**Work request**
In the listing below, find the line holding "Domingo tem a" and the line holding "2023年宮城県白石市が発注". Write out those two lines and all lines between, exactly, and nothing more.

**Exercise materials**
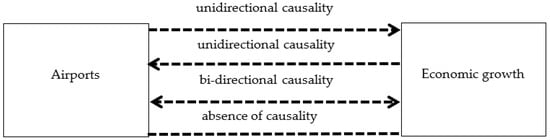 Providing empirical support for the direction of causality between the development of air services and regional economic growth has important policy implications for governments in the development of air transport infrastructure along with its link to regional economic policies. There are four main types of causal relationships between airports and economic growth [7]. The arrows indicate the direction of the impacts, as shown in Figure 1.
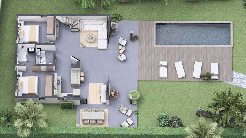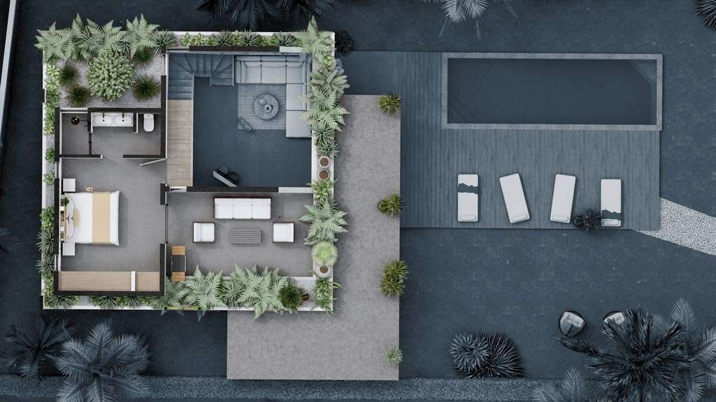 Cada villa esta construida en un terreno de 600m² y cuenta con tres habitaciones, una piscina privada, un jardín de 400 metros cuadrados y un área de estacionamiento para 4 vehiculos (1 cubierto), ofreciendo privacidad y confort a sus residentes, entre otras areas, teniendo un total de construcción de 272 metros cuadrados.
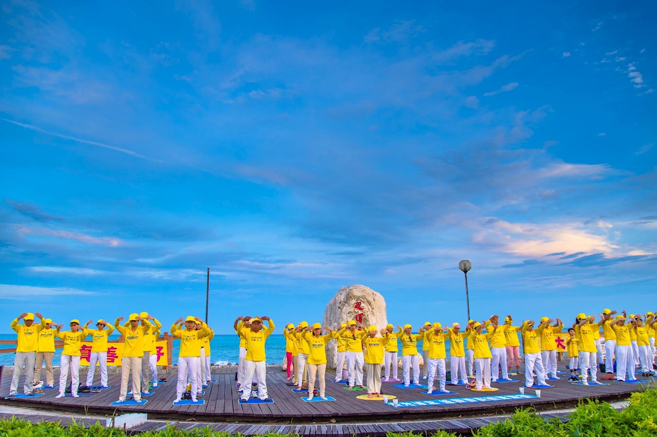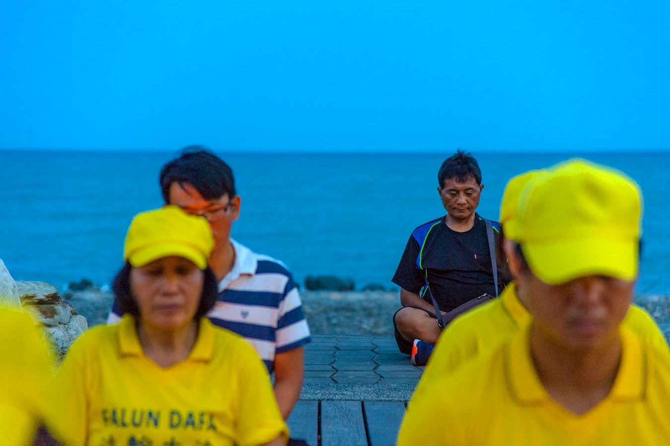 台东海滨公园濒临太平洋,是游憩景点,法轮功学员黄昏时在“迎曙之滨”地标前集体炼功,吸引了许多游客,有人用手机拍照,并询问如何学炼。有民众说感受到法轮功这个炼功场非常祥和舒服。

---

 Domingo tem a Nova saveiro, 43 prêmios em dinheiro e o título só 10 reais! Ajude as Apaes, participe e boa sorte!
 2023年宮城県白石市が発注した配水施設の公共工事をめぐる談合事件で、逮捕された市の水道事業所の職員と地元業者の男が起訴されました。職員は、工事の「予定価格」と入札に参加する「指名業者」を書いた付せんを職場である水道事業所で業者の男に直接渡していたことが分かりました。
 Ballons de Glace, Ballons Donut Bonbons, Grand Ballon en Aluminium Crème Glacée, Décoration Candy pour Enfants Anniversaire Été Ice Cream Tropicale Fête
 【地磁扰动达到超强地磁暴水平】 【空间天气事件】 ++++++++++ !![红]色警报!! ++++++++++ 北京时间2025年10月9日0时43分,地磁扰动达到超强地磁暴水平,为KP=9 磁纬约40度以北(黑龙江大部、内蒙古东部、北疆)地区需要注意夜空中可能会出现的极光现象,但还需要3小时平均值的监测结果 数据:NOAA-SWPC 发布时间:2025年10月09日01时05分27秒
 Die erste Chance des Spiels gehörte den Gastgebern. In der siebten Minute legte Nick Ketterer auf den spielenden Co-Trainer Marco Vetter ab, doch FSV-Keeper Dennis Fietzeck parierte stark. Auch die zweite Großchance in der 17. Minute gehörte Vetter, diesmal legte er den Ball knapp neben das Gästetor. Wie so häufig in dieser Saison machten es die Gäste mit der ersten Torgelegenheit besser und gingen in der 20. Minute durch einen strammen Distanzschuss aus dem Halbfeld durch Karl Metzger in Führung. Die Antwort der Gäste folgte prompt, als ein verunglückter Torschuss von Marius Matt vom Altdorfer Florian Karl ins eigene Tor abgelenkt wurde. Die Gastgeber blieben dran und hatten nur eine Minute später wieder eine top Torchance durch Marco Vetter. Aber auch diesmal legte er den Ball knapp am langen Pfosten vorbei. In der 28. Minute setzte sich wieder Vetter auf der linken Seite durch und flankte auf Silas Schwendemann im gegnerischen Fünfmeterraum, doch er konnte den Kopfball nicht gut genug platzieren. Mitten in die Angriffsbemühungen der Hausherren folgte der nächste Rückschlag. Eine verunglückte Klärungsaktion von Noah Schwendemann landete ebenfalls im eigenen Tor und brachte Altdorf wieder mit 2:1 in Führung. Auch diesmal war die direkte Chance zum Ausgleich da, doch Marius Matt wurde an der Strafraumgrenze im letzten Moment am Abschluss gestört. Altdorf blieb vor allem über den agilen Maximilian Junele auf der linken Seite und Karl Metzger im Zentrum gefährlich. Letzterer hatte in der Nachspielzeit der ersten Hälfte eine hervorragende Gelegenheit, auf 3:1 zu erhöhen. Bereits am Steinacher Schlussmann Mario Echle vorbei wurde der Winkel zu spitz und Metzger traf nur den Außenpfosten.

**Task response**
 Domingo tem a Nova saveiro, 43 prêmios em dinheiro e o título só 10 reais! Ajude as Apaes, participe e boa sorte!
 2023年宮城県白石市が発注した配水施設の公共工事をめぐる談合事件で、逮捕された市の水道事業所の職員と地元業者の男が起訴されました。職員は、工事の「予定価格」と入札に参加する「指名業者」を書いた付せんを職場である水道事業所で業者の男に直接渡していたことが分かりました。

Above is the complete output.